21–22nt siRNAs direct AGO6 to RdDM target chromatin
To determine whether the incorporation of 21–22nt siRNAs into AGO6 is sufficient to direct AGO6 to its chromatin targets, we performed chromatin immunoprecipitation (ChIP) of the AGO6 protein in plants that produce TE 21–22nt siRNAs. ChIP requires formaldehyde crosslinking to capture in vivo protein/DNA interactions. However, AGO6 is not a DNA‐binding protein, and it is only tethered to chromatin by the base pairing interaction between its incorporated siRNA and a Pol V‐derived scaffolding transcript (see Fig 3A). Therefore, the fold enrichment of AGO6 in ChIP experiments is much closer to background and must be carefully controlled (Wierzbicki et al, 2009).
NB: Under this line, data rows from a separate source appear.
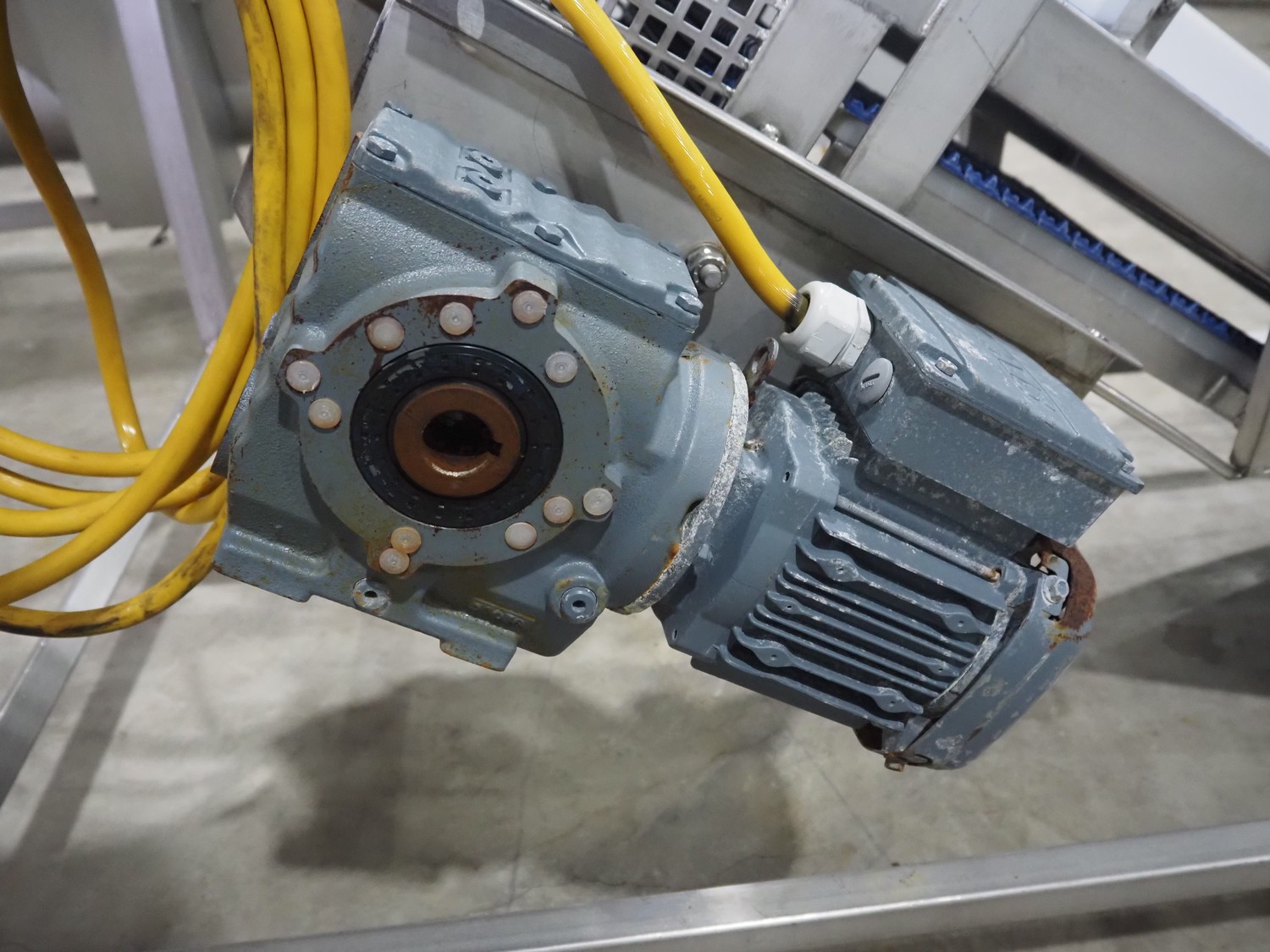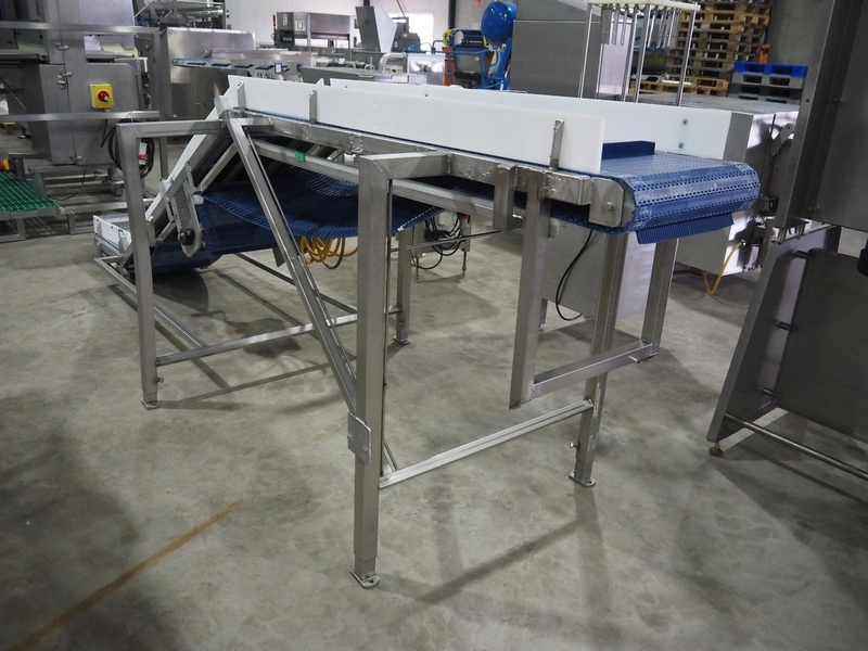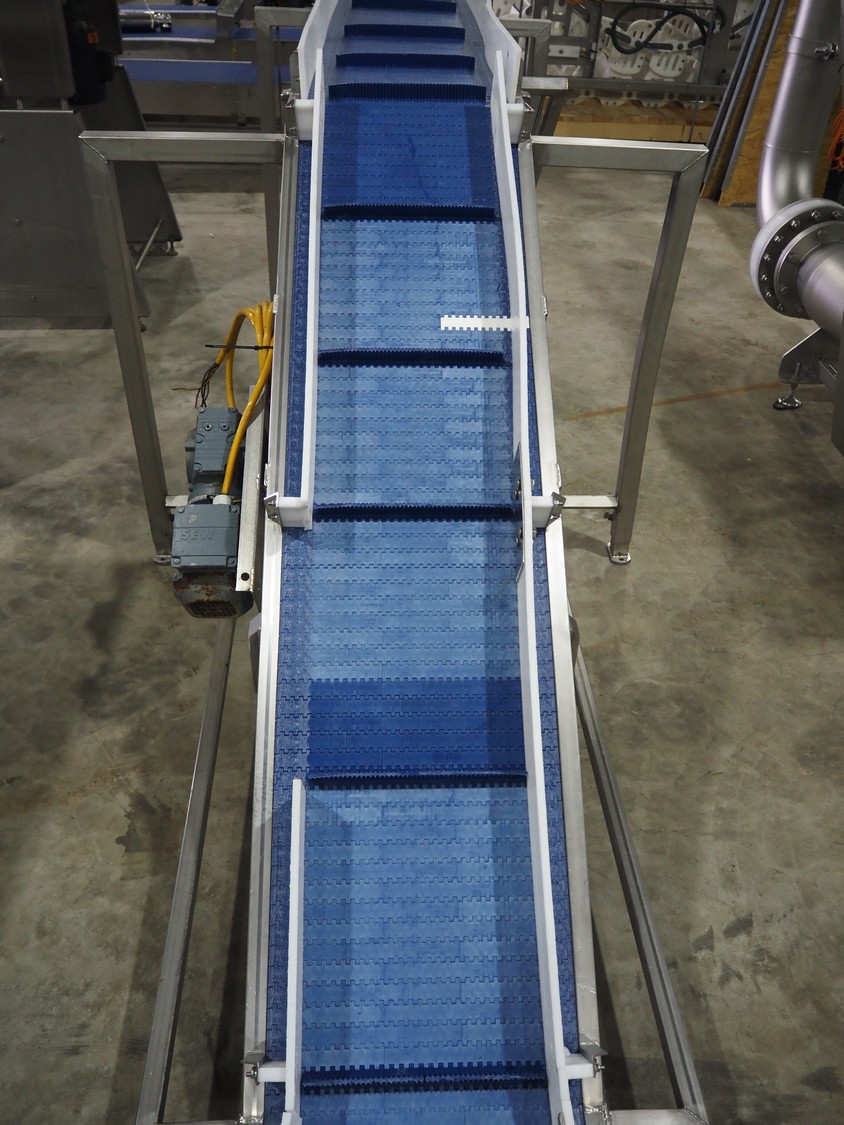 Elevating belt, s/s frame, plastic mesh belt, belt width: 405, working width: 325 mm, divider height: 25 mm, distance between dividers: 295 mm, elevating height: 1060 mm, total dimensions: 3750 mm x 1200 mm x 1190 mm.
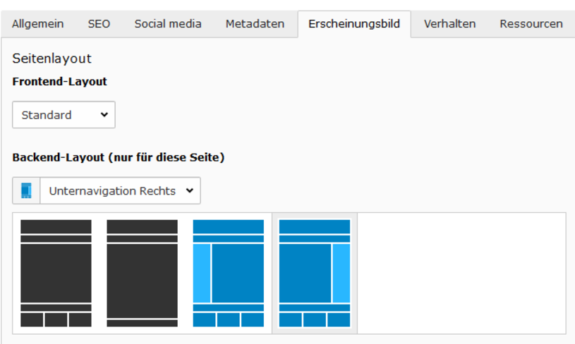 Das Bootstrap-Package bietet eine vielzahl von Seitenlayouts. Viele dieser Layouts unterscheiden sich hauptsächlich in der Spaltenaufteilung, welche bei dieser Distribution über Spalten-Strukturelemente vorgenommen werden kann. Zur besseren Übersicht wurden deshalb einige Layouts des Bootstrap-Packages deaktiviert.
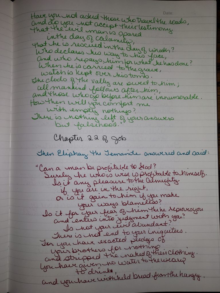 O’ Eliphaz…. The title my bible gives this section is ‘Eliphaz Speaks: Job’s Wickedness is Great’. Eliphaz speaks what he believes to be true.
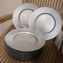 Twelve 13 5/16" Glass Silver Charger Plates$18Houston, TX

We performed ChIP for the AGO6 protein and acetylated histone H3 (H3Ac, a transcriptionally active chromatin mark) as a control for wt Col and ddm1 biological replicates (Fig 3B). As additional controls, we also determined the level of AGO6 association with the constitutively expressed gene At1g08200 and the SimpleHat2 TE in wt Col and a series of mutants including ago6 (no‐antigen control), pol V (no scaffolding transcript) and dcl3 (no 24nt siRNAs). We determined that AGO6 is not associated with the genic At1g08200 locus in wt Col, while it is associated with the SimpleHat2 TE (Fig 3C). The RdDM and accumulation of SimpleHat2 24nt siRNAs is dependent on AGO6 (Zheng et al, 2007), and we have verified that 24nt siRNAs from SimpleHat2 are enriched in AGO6 (Fig 2B) (Havecker et al, 2010). We find that the association of AGO6 with SimpleHat2 is dependent on the presence of the AGO6 antigen, Pol V‐derived scaffolding transcript and DCL3 to produce 24nt siRNAs (Fig 3C), supporting the Pol IV‐RdDM model of SimpleHat2 silencing.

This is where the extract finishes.